Plenary Speakers

 

We are pleased to announce that internationally acclaimed experts Lewis Zirkle, Mahmoud Hafez and Randall Loder will be the plenary speakers at the SICOT Congress in Muscat.

 

Lewis Zirkle

Dr Lewis Zirkle graduated from Davidson College in 1962 and Duke University Medical Center in 1966, where he also completed his surgical internship. After one year of orthopaedic residency at Duke University Medical Center, he was drafted by the US Army and sent to Vietnam. Dr Zirkle was given permission to treat Vietnamese civilians in one wing of the hospital, in addition to treating the US military. Serving patients who had no choice in their medical treatment was very rewarding and this service later led Dr Zirkle to volunteer with Orthopedics Overseas and other organisations. He finished his orthopaedic training in the US Army in 1972. Dr Zirkle’s experience in Vietnam and his volunteer work overseas led him to the realisation that the donation of appropriate implants must be combined with education. This inspired the formation of SIGN Fracture Care International in 1999. Many people in the USA and developing countries have contributed to the journey of SIGN. Implants and instruments are designed and manufactured in SIGN’s headquarters in Richland, Washington and donated to hospitals around the world. Dr Zirkle retired from private practice in 2008 to devote himself full time to SIGN. SIGN is now used in over 300 hospitals and 50 developing countries. SIGN surgeons have performed 232,000 SIGN surgeries for poor patients in developing countries. Dr Zirkle has the utmost respect for the surgeons who perform SIGN surgery in developing countries, as well as all those who assist SIGN with implementing the vision of creating equality of fracture care throughout the world.

 

Mahmoud Hafez

Professor Mahmoud Hafez is a pioneer in developing patient-specific instrument (PSI) technology for total knee replacement (TKR) and is Professor and Head of the Orthopaedic Department at October 6 University, Egypt. Training and working in the UK for more than ten years, Professor Hafez got his FRCS(Ed) and postgraduate MD degree from Leeds University. He has completed subspecialty fellowships in hip and knee arthroplasty at Wrightington Hospital, Wigan, United Kingdom; Western Penn Hospital, Pittsburgh, USA; and St Michael’s Hospital, Toronto University, Canada. After 17 years working abroad, he went back to Egypt with the mission to exploit his skills and experiences in research, education and clinical care and to share computer-assisted orthopaedic surgery (CAOS) technology in his native country. His CAOS experience began 1998 at the University of Hull, working to develop a robot for TKR. His MD research project in Leeds resulted in the development of a novel PSI technique for TKR. During his work in Pittsburgh, he tested the reliability of PSI and gained more experience in navigation and robotics.
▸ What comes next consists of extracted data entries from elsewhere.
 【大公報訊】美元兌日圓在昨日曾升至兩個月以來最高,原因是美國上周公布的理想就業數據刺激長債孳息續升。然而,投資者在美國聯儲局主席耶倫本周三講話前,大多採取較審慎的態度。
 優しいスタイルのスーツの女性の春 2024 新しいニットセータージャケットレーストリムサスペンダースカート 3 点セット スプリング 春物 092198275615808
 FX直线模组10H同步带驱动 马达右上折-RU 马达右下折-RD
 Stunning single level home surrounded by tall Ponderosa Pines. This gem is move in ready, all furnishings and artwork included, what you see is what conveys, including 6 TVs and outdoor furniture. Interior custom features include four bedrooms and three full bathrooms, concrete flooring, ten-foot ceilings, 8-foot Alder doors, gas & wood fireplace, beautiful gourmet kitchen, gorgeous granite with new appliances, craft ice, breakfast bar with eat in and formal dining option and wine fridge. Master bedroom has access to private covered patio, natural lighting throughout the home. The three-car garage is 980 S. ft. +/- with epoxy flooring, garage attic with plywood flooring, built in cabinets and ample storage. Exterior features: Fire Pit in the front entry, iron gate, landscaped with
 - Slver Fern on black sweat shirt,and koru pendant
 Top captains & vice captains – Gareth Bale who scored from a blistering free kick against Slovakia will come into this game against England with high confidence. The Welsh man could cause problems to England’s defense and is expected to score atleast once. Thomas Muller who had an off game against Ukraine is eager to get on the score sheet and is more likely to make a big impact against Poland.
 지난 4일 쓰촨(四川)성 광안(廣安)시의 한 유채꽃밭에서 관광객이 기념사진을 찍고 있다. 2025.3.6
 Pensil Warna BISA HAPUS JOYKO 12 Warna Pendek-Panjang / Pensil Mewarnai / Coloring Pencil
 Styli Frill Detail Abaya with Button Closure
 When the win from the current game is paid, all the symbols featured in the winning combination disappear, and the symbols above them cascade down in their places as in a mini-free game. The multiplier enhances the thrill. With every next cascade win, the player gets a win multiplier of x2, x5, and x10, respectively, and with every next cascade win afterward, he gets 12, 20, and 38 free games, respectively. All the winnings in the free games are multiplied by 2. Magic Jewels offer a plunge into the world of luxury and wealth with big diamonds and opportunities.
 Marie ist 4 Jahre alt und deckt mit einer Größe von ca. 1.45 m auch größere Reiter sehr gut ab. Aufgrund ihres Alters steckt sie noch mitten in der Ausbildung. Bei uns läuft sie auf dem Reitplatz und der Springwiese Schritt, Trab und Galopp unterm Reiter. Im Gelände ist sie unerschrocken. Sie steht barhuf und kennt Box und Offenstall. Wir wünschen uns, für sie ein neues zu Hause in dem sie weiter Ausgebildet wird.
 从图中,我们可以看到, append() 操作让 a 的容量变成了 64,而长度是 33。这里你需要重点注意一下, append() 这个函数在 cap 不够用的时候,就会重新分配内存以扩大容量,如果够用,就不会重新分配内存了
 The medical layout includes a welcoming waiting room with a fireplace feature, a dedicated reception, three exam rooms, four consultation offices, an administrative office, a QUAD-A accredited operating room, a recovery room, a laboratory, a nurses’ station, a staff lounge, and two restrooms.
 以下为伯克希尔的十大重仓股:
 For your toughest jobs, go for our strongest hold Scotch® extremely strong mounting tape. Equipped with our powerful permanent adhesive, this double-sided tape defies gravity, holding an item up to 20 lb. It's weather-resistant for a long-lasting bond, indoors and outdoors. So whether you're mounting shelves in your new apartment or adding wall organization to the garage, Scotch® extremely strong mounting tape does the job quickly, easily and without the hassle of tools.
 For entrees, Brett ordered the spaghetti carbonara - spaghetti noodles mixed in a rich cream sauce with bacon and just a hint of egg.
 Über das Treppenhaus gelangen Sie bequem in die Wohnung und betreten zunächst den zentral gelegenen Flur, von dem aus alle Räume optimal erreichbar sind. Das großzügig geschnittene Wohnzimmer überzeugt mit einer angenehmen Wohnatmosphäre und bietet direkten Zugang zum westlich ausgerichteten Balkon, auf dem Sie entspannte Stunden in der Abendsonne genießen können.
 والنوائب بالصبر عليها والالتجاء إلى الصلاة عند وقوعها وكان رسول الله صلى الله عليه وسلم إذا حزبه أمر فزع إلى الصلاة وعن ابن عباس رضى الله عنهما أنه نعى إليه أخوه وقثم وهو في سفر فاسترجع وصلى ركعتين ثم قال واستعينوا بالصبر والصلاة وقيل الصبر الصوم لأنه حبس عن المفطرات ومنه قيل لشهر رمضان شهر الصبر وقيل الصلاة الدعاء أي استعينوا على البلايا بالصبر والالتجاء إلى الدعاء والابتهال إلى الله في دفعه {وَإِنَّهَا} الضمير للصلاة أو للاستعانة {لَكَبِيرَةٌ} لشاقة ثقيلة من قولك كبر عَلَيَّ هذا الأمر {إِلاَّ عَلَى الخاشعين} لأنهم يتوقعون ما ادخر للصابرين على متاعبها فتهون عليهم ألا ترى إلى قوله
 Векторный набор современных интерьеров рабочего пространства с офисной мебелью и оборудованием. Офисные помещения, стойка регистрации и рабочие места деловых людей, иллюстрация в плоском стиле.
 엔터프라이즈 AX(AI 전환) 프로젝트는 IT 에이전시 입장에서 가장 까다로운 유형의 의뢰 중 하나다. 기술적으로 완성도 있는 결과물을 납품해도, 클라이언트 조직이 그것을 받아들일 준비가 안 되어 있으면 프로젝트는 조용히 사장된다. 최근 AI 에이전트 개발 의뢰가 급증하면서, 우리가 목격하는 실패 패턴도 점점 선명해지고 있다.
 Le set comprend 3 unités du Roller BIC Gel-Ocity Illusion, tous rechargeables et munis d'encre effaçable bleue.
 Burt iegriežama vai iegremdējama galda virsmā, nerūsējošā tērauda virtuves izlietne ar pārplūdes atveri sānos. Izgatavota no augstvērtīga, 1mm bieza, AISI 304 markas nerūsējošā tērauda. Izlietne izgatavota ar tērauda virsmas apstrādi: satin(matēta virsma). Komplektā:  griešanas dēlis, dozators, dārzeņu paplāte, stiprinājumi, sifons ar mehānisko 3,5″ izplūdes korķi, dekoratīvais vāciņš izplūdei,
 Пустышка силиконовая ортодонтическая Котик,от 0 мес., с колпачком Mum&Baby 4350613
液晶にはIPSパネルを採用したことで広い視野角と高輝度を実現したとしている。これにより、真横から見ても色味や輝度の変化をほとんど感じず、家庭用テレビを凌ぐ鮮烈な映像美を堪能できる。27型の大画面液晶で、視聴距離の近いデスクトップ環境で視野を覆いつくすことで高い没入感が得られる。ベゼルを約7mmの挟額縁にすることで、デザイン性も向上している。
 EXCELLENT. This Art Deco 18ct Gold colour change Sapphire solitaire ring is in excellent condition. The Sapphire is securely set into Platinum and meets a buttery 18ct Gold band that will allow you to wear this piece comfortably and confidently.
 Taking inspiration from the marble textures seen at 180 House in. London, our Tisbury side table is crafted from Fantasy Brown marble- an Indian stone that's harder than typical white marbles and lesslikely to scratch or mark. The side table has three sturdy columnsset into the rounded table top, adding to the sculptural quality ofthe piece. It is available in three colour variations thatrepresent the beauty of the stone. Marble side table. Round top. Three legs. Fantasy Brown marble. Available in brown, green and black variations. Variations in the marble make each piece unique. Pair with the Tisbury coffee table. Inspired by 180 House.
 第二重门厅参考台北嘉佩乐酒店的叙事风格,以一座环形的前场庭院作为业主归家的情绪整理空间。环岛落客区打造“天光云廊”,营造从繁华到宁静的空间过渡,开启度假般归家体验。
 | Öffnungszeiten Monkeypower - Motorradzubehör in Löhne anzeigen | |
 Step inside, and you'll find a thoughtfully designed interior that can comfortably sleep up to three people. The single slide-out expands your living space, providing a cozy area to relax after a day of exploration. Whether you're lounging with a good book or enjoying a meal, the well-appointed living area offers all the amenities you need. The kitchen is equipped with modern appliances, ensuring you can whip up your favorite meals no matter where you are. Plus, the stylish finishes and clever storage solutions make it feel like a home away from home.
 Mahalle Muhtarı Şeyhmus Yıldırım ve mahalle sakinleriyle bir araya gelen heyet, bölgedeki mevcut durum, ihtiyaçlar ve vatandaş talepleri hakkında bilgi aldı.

In Egypt, he has established a research and development lab to advance PSI technology leading to the filing of 18 patents. His patent ‘Open-platform and hospital-based PSI’ has made the technique simple, inexpensive and suited for complex cases in developing countries. He now uses PSI routinely for complex and bilateral TKR in a cost-effective manner. Inspired by the US ‘Operation Walk’ he reproduced a similar model, performing 43 TKRs for needy patients (with implants from the charity MEK) during the uprising in Egypt, when there was no government funding for TKR.

 

Randall Loder

Dr Randall Loder visits us from the Indiana University School of Medicine and James Whitcomb Riley Hospital for Children, where he is the George J. Garceau Professor of Pediatric Orthopedic Surgery and Professor at Indiana University School of Medicine. Dr Loder is acknowledged as one of the top experts in the world on slipped capital femoral epiphysis and paediatric hip conditions in general. He will be speaking on the role that paediatric hip pathology plays in adult hip degeneration and total hip arthroplasty. Dr Loder received his MD from Washington University School of Medicine, St. Louis, Missouri in 1980, then undertook his Orthopedic Residency at the Medical College of Ohio, Toledo followed by his fellowship in Pediatric Orthopaedics at the Texas Scottish Rite Hospital for Children. He has been a Professor of Orthopedic Surgery at Indiana University School of Medicine (where he has also served as Chairman) since 2003.